[Collected data]
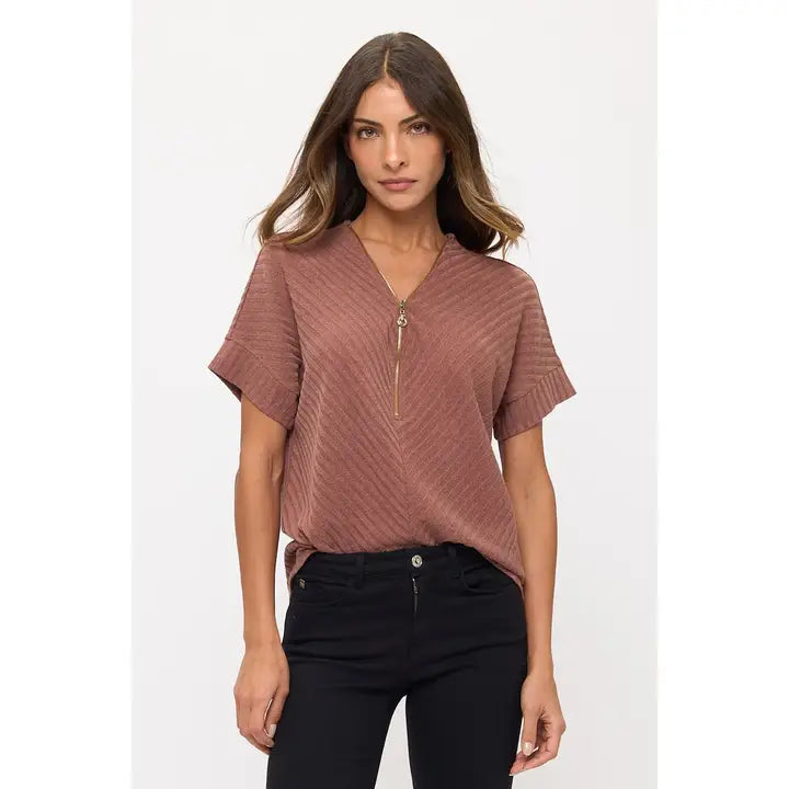 MIRU RIB O-RING PULLY ZIPPER SWEATER DOLMAN - Half-Zip - Lightweight and stretchy - O-RING detail - Dropped shoulders - Relaxed fit
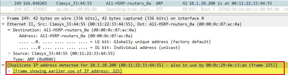 - Client의 IP 주소(10.1.10.200)의 MAC 주소가 Attacker가 설정한 MAC 주소로 바뀐것을 확인할 수 있다.
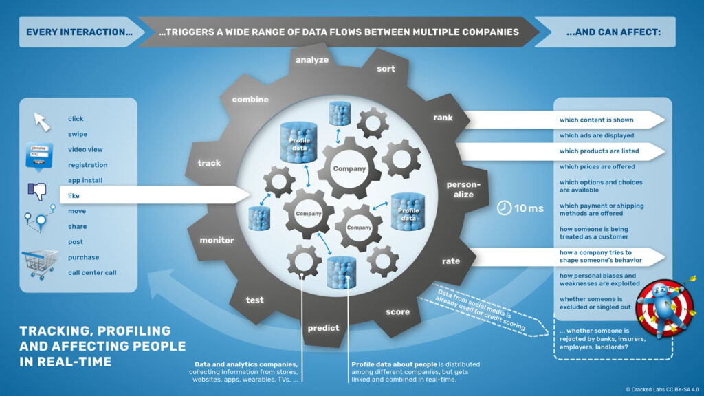 Η διάχυτη μηχανική της παρακολούθησης πραγματικού χρόνου που έχει αναπτυχθεί για τη διαδικτυακή διαφήμιση επεκτείνεται με ταχείς ρυθμούς και σε άλλους τομείς, από την τιμολόγηση προϊόντων έως την πολιτική επικοινωνία, τη πιστοληπτική αξιολόγηση και την εκτίμηση ρίσκου. Μεγάλες διαδικτυακές πλατφόρμες, εταιρείες ψηφιακής διαφήμισης, μεσίτες δεδομένων και επιχειρήσεις σε πολλούς τομείς μπορούν πλέον να αναγνωρίζουν, να ταξινομούν, να κατηγοριοποιούν, να αξιολογούν, να βαθμολογούν και να κατατάσσουν τους καταναλωτές από διαφορετικές πλατφόρμες και συσκευές. Κάθε κλικ σε έναν ιστότοπο και κάθε άγγιγμα σε ένα smartphone μπορεί να ενεργοποιήσει μια μεγάλη ποικιλία κρυφών μηχανισμών κοινόχρηστων δεδομένων που μοιράζονται διάφορες εταιρείες και ως εκ τούτου να επηρεάσουν άμεσα τις διαθέσιμες επιλογές ενός ατόμου. Η ψηφιακή παρακολούθηση και η δημιουργία προφίλ (profiling), σε συνδυασμό με την εξατομίκευση, δεν χρησιμοποιούνται μόνο για την παρακολούθηση, αλλά και για να επηρεάσουν τη συμπεριφορά των ανθρώπων.
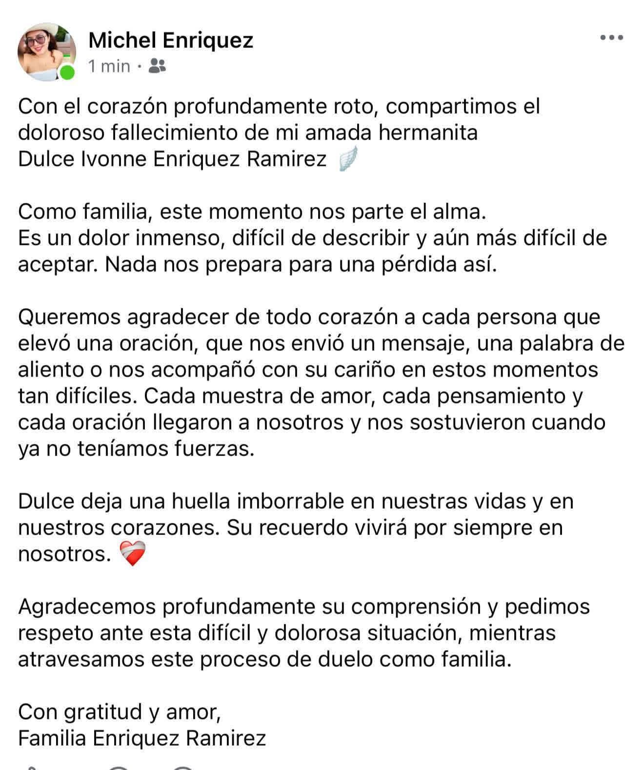 La hermana de la joven, Michel Enríquez, confirmó este lunes en redes sociales la noticia de su fallecimiento y la recordó como una persona inolvidable.
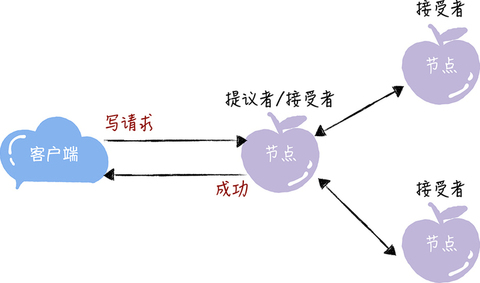 讲到这儿,你可能会有疑惑:前面不是说接收客户端请求的节点是提议者吗?这里怎么又是接受者呢?这是因为一个节点(或进程)可以身兼多个角色。想象一下,一个 3 节点的集群,1 个节点收到了请求,那么该节点将作为提议者发起二阶段提交,然后这个节点和另外 2 个节点一起作为接受者进行共识协商,就像下图的样子:
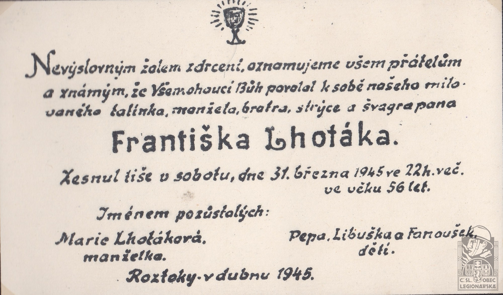 Zdroj informací: legionářský poslužný spis osobní karta legionáře HRADILOVÁ, Marta, BERG, Jiří. Českoslovenští legionáři okresu Praha-západ 1914-1921. Praha: OkÚ Praha-západ, 2001.
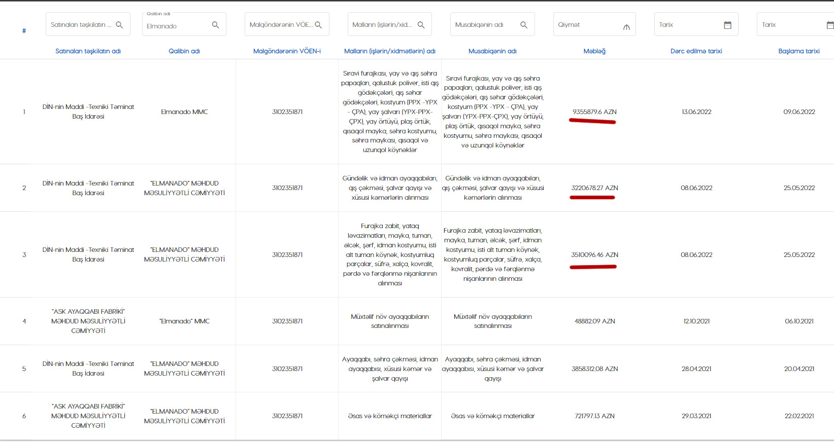 2021-ci ilin Aprel ayınnda da "Elmanado" MMC Daxili İşlər Nazirliyinin Maddi -Texniki Təminat Baş İdarəsinin "Ayaqqabı, səhra çəkməsi, idman ayaqqabısı, xüsusi kəmər və şalvar qayışı" alınması ilə bağlı keçirdiyi tenderin qalibi olmuşdu. Həmin tender üzrə 3 milyon 858 min manatlıq müqavilə imzalanmışdı.
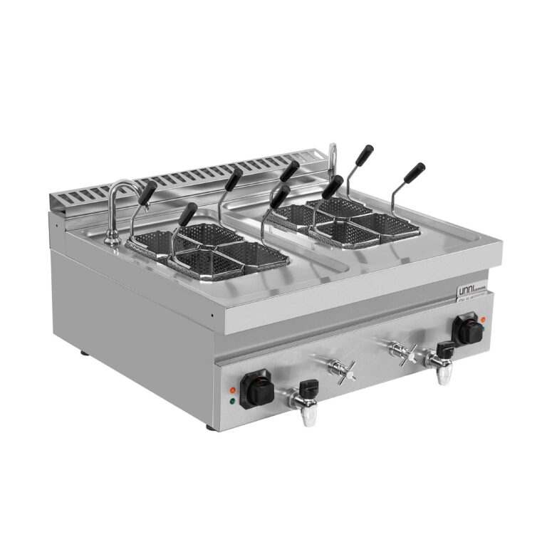 Compact countertop electric pasta cooker with 1 × 12 L capacity, designed for fast and efficient boiling in professional kitchens. Equipped with AISI 304 stainless steel tank, adjustable temperature up to 110 °C, safety thermostat, water inlet tap and front drain valve for easy operation and cleaning.
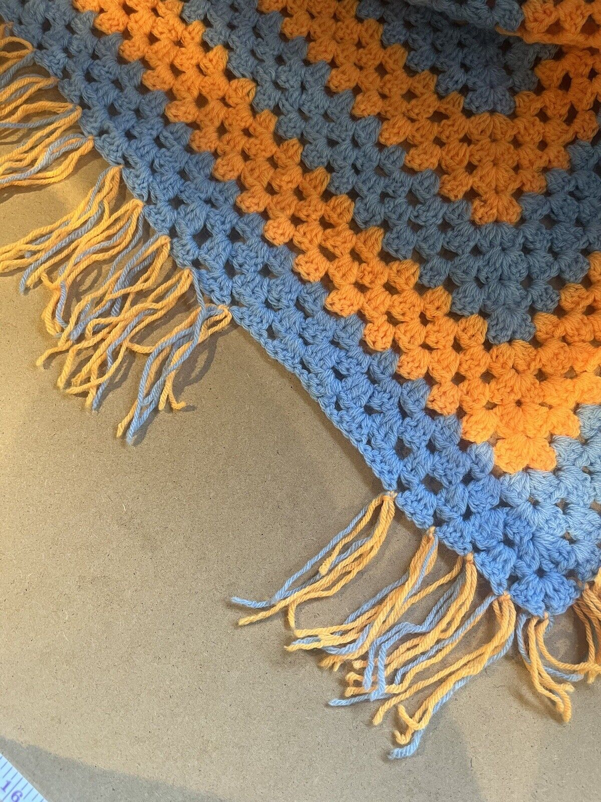 Vintage Boho Crochet Shawl Hippie Triangle Knit Wrap Cape Cottage Whimsy Scarf
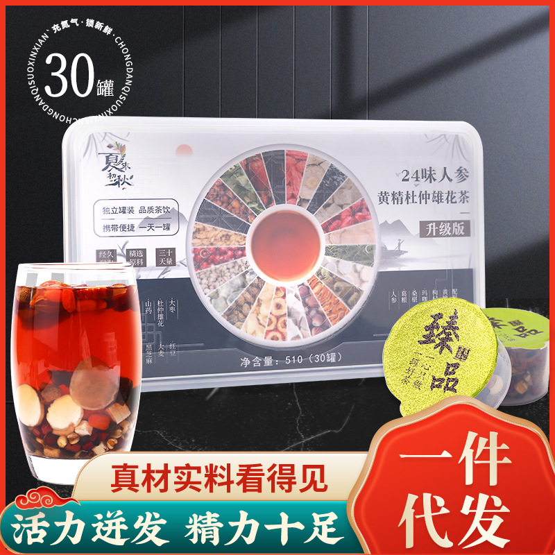 关键词:24味人参黄精杜仲雄花茶人参黄精枸杞桑椹黑芝麻覆盆子茶510升级,供应,奶|豆|茶,茶叶类,保健茶
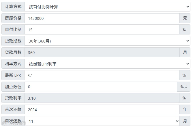 房东希望售价143万,以首付15%,等额本息30年还款,当前3.1%利率计算,每个月需要承担5190元的月供。
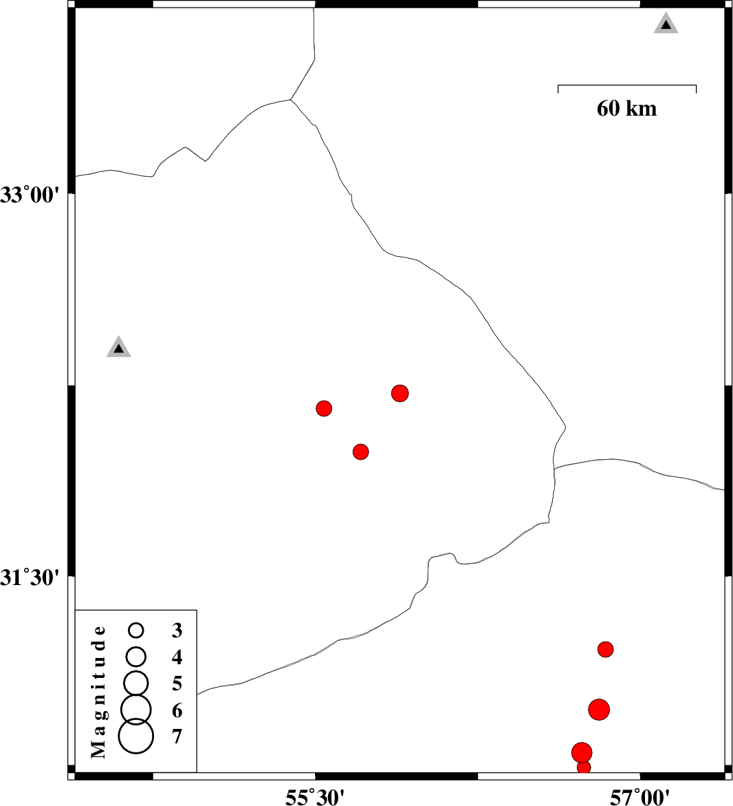 | 2007/03/13 | 09:38:18.6 | 13:08:18.6 | 32.16 | 55.54 | 14 | ML:3.2 | 62 km North-East of Bafq, Yazd Province | ||
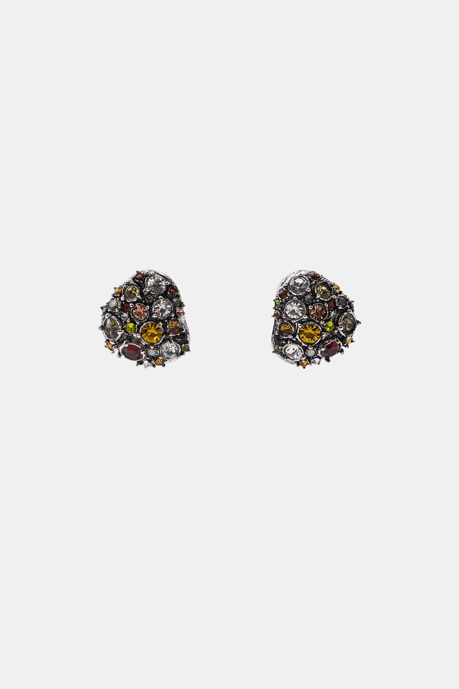 Металлические серьги-пуговицы с контрастными цветными аппликациями из драгоценных камней. Застежка-клипса в виде бабочки.
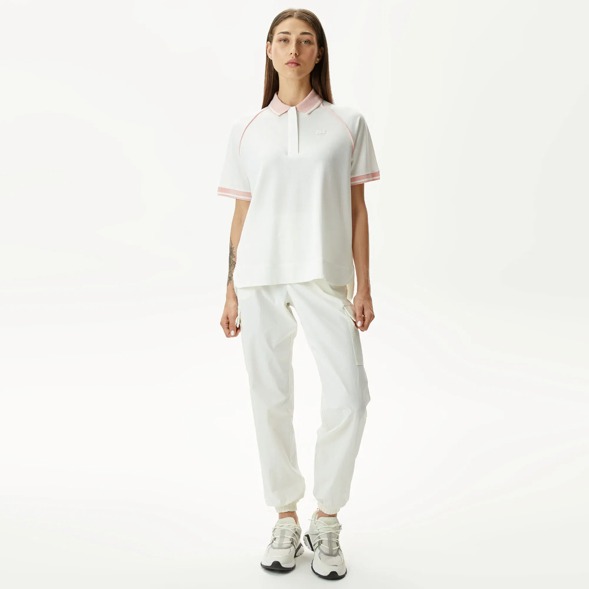 Особое внимание уделено качеству материалов: мягкая, дышащая ткань обеспечивает приятное прикосновение к коже и сохраняет форму даже после многочисленных стирок. Эластичный пояс на регулируемом шнурке гарантирует идеальную посадку по фигуре, а удобные манжеты внизу брючин добавляют спортивного шика. Фирменный логотип Lacoste, вышитый с ювелирной точностью, подтверждает подлинность и высокое качество изделия, делая эти джоггеры узнаваемыми и желанными. Легко сочетайте их с любимыми свитшотами, топами или худи, создавая стильные и непринужденные образы. Эти белые джоггеры Lacoste – это инвестиция в ваш комфорт и безупречный вид на каждый день.
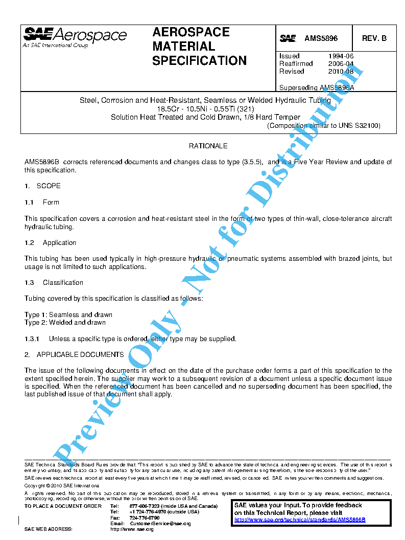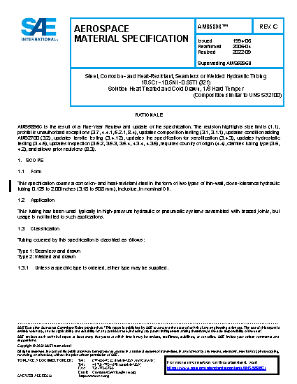 Steel, Corrosion and Heat-Resistant, Seamless or Welded Hydraulic Tubing 18.5Cr - 10.5Ni - 0.55Ti (321) Solution Heat Treated and Cold Drawn, 1/8 Hard Temper
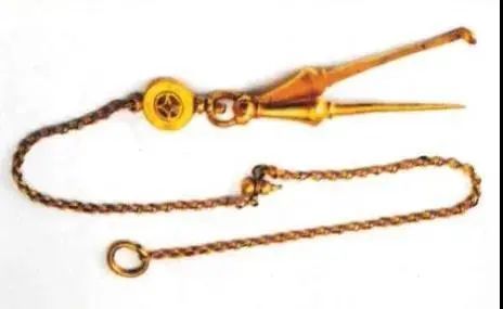 金事件,明代的名称叫“事儿”,有“三事儿”“七事儿”等等。“三事儿”的基本组成是牙签、耳挖和镊子,具有剔牙、挖耳、钳东西三种功能。一件金事件,长链条做成连珠纹,链首套一圆环,链条中部系一金葫芦,一件钱形饰件,钱形饰件下坠一圆环,环内挂一件牙签、一件耳挖。牙签、耳挖由一根圆柱状金条一分为二切割分铸而成,不使用时,合起来为一体,既卫生又便于携带,使用时各自打开。这件金事件上只有牙签和耳挖两种,但将牙签和耳挖合起来可作为镊子使用,是极具巧思的一例。“三事儿”多半是拴在衣巾角上,揣在衣裳袖子里,随身携带。
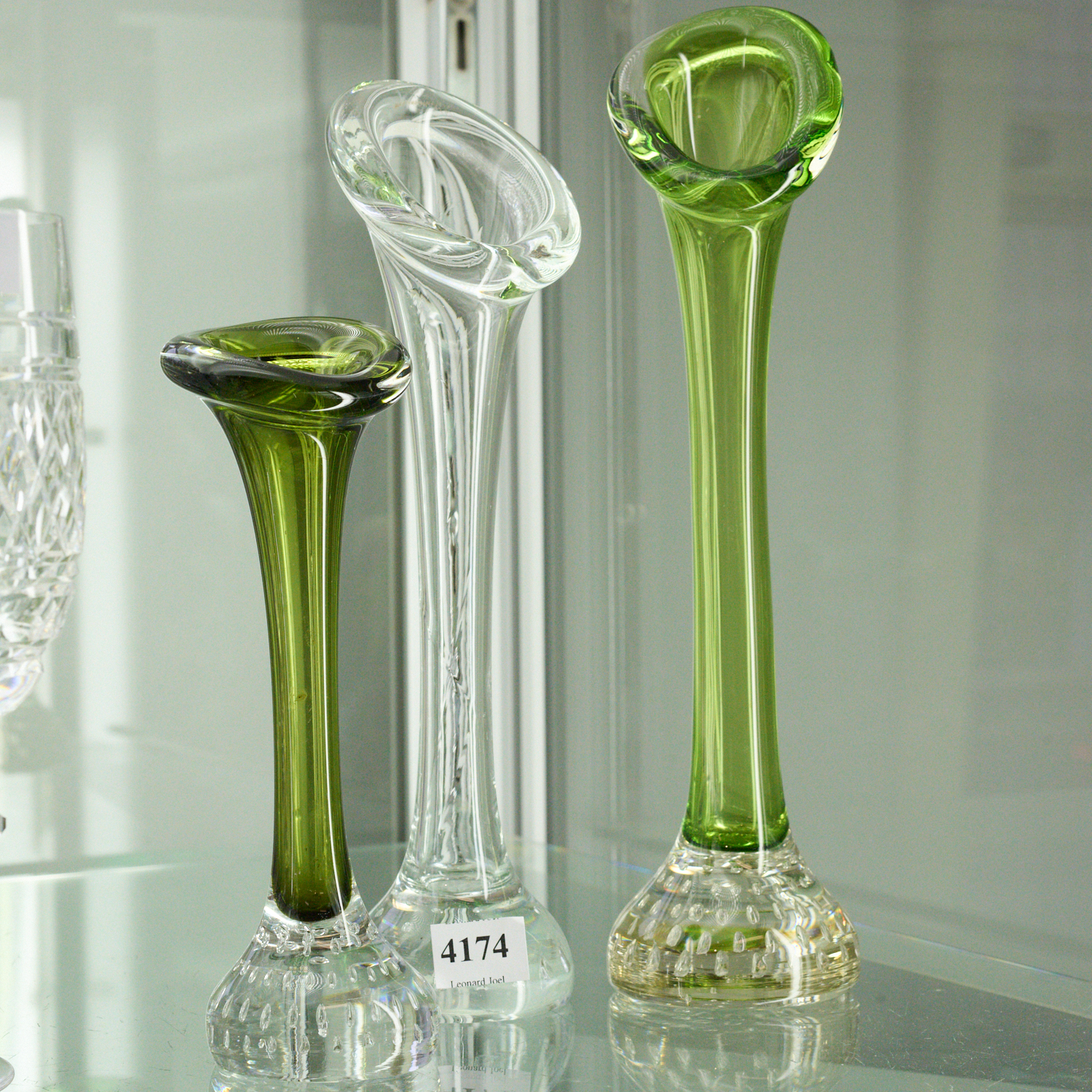 THREE SWEDISH ASEDA JACK IN THE PULPIT VASES (28CM HIGHEST), LEONARD JOEL LOCAL DELIVERY SIZE: SMALL
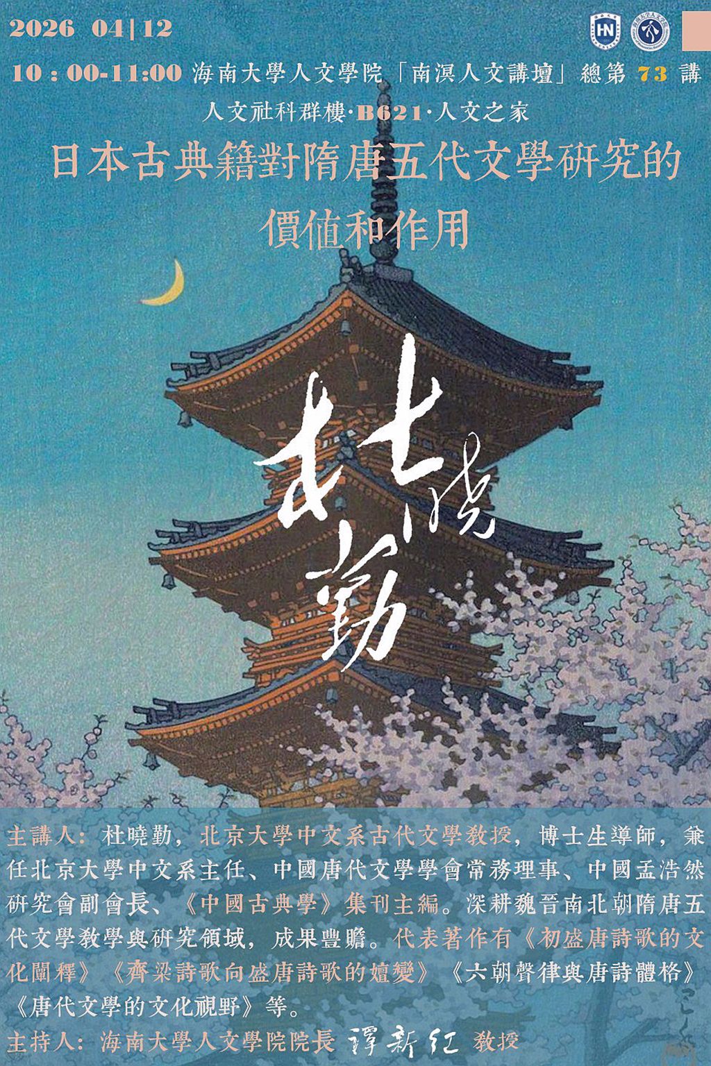 【学术预告】海南大学人文学院“南溟人文讲坛”第73讲 杜晓勤:日本古典籍对隋唐五代文学研究的价值和作用

◆ **REQUIRED WORK**: Would you restate, exactly and with no pictures, the lines of the entries above from the one containing "2021-ci ilin Aprel" through the one containing "Металлические серьги-пуговицы с"?

◆ **YOUR SOLUTION**:
 2021-ci ilin Aprel ayınnda da "Elmanado" MMC Daxili İşlər Nazirliyinin Maddi -Texniki Təminat Baş İdarəsinin "Ayaqqabı, səhra çəkməsi, idman ayaqqabısı, xüsusi kəmər və şalvar qayışı" alınması ilə bağlı keçirdiyi tenderin qalibi olmuşdu. Həmin tender üzrə 3 milyon 858 min manatlıq müqavilə imzalanmışdı.
 Compact countertop electric pasta cooker with 1 × 12 L capacity, designed for fast and efficient boiling in professional kitchens. Equipped with AISI 304 stainless steel tank, adjustable temperature up to 110 °C, safety thermostat, water inlet tap and front drain valve for easy operation and cleaning.
 Vintage Boho Crochet Shawl Hippie Triangle Knit Wrap Cape Cottage Whimsy Scarf
 关键词:24味人参黄精杜仲雄花茶人参黄精枸杞桑椹黑芝麻覆盆子茶510升级,供应,奶|豆|茶,茶叶类,保健茶
 房东希望售价143万,以首付15%,等额本息30年还款,当前3.1%利率计算,每个月需要承担5190元的月供。
 | 2007/03/13 | 09:38:18.6 | 13:08:18.6 | 32.16 | 55.54 | 14 | ML:3.2 | 62 km North-East of Bafq, Yazd Province | ||
 Металлические серьги-пуговицы с контрастными цветными аппликациями из драгоценных камней. Застежка-клипса в виде бабочки.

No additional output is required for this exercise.